Query Optimization.

In this phase of the project you will execute a number of queries on your databases, report the initial running times, and give the steps to improve the execution time of each query.

Query 1:

Give the total number of authors in DBLP that have at least one of their publication records in Microsoft Academic Search (MAS).

Query 2:

Give the distribution of author count per matched publication records in Microsoft Academic Search (MAS). This query must return a relation with two columns Number of Matched Publications and Author Count.
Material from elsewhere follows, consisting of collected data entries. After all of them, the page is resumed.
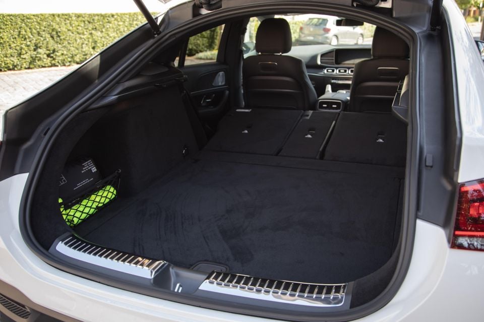 By comparison, Audi claims 605L and 1755L respectively for its Q8. There’s also a lot of space under the flat floor in a wheel-shaped depression that looks suspiciously well-suited to a space saver wheel despite the GLE53 only offering an inflator kit.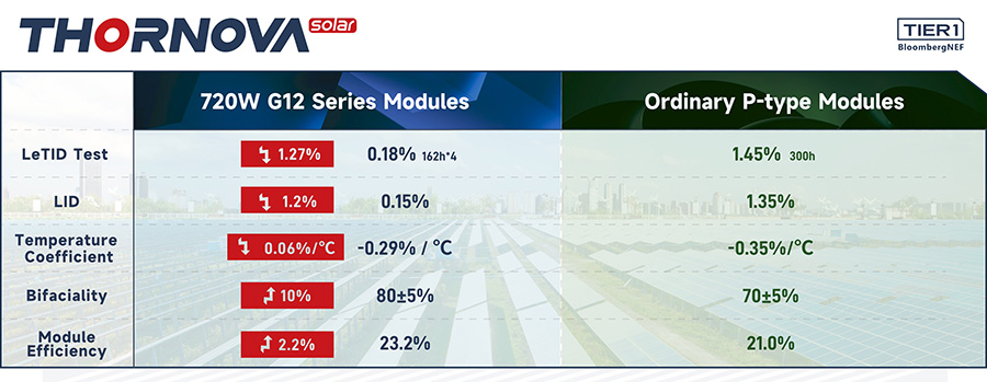 Furthermore, Thornova's hydrogen passivation technology ensures exceptional LeTID attenuation performance. The 720W modules demonstrate an attenuation of less than 0.18% after 162h * 4 testing, outperforming PERC modules that exhibit attenuation of less than 1.45% after 300h testing. Because of these advantages and the larger wafer size, Thornova’s G12 modules reduce balance of system (BOS) costs by 6.1% and increase power generation by 4.2%, when compared with conventional PERC modules.
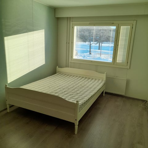 Puinen sänky rottinkipäädyillä. Sängyssä on vaalea puurunko ja sekä päädyissä että jalkopäässä rottinkipaneelit. Ulkomitat 168x 207 cm. Patjan koko 160x200cm. Pohjana on puiset sälepohjat. Joustinpatja ja petari mukaan haluttaessa. Pieniä ulkonäkövirheitä, kuten kuvista näkyy. Purettavissa osiin kuljetuksen ajaksi.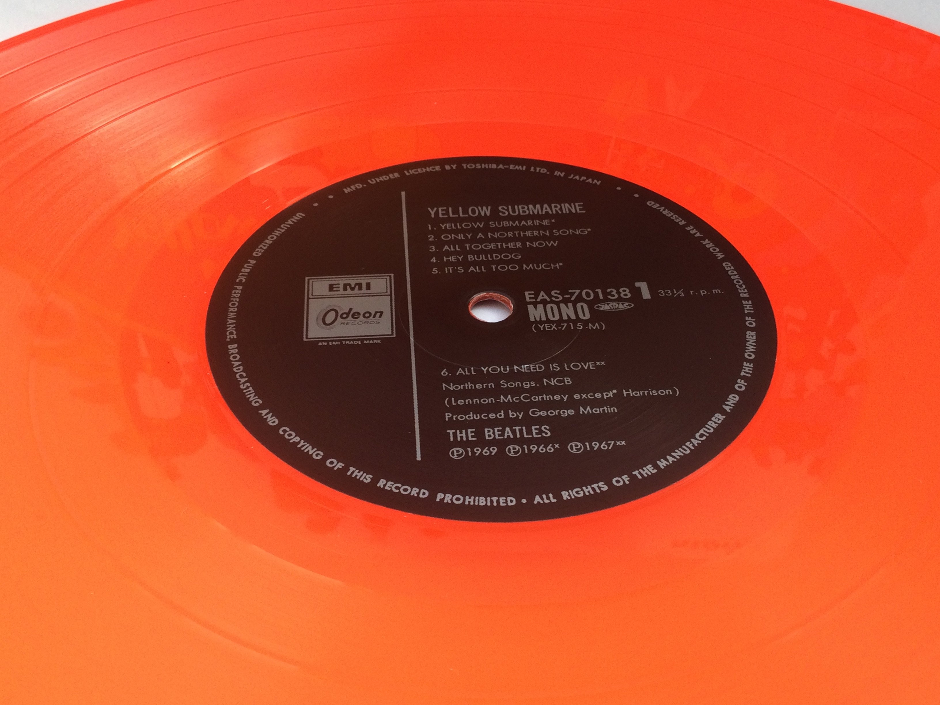 A limited edition Japanese red vinyl mono pressing of The Beatles 'Yellow Submarine' LP.

For example, a row of the form (10, 20) in this relation means that 20 authors have 10 of their publications matched against MAS, while a row (5, 100) tells us that 100 authors have 5 of their publication records matched against MAS. Analyze the query with and without the clause "ORDER BY Number of Matched Publications."

Query 3:

Same as Query 2, but include the condition that only authors whose names contain a given substring, say 'Zhang', must be considered.

Query 4:

Same as Query 3, but include the condition that only authors whose NOTE field contain a given substring, say 'University', must be considered.

Deliverables

  • Give the SQL query for each query.
  • Include a screen shot per query that shows the execution of the query and includes the execution time.
  • Include a screen shot with the Execution Plan per query.
  • Describe the steps you took to optimize each query.
  • Include screen shots per query show the gained improvement in the execution time (show the results, the new execution time and Execution Plan).
  • This is your last report. Include the updates from all the previous phases.
  • Start early!
    Collaborate! Compare and discuss your approaches. The end product is expected to be an individual effort!